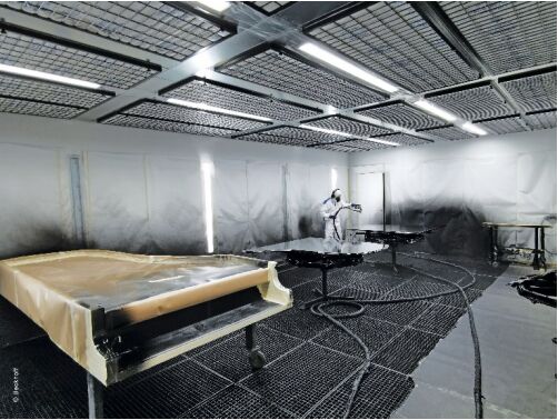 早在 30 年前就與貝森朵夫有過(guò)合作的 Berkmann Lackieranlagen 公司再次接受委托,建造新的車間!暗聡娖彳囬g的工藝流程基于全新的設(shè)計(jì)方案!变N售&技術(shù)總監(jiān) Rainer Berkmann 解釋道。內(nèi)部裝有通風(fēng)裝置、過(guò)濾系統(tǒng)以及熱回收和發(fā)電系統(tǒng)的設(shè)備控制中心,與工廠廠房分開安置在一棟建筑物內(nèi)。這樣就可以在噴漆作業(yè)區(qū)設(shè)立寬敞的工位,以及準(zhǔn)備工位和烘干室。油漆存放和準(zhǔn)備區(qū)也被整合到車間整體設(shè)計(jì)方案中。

---

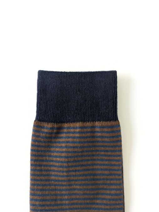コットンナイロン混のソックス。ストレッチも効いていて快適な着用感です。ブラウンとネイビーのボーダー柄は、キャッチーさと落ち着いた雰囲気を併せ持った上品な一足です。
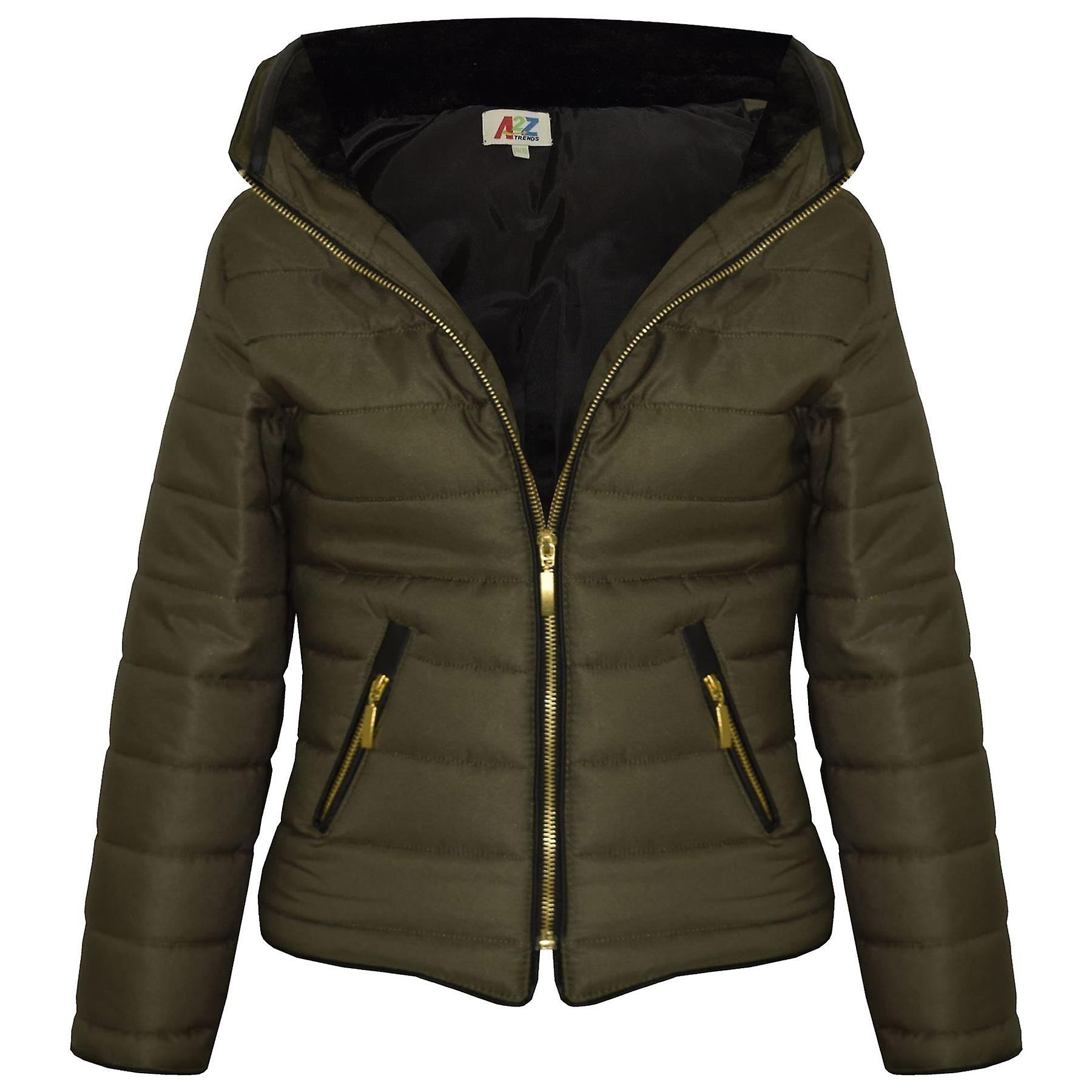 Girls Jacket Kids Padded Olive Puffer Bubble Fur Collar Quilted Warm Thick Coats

...

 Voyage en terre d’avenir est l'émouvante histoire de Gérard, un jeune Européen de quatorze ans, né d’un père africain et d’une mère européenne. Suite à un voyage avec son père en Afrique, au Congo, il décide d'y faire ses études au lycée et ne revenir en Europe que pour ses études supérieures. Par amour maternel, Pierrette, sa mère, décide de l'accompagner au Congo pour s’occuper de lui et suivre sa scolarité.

* [PROBLEM TO SOLVE]: Using the entries above, transcribe every line from the line containing "コットンナイロン混のソックス" through the line containing "Girls Jacket Kids". Do not copy pictures.

* [EXPECTED ANSWER]:
コットンナイロン混のソックス。ストレッチも効いていて快適な着用感です。ブラウンとネイビーのボーダー柄は、キャッチーさと落ち着いた雰囲気を併せ持った上品な一足です。
 Girls Jacket Kids Padded Olive Puffer Bubble Fur Collar Quilted Warm Thick Coats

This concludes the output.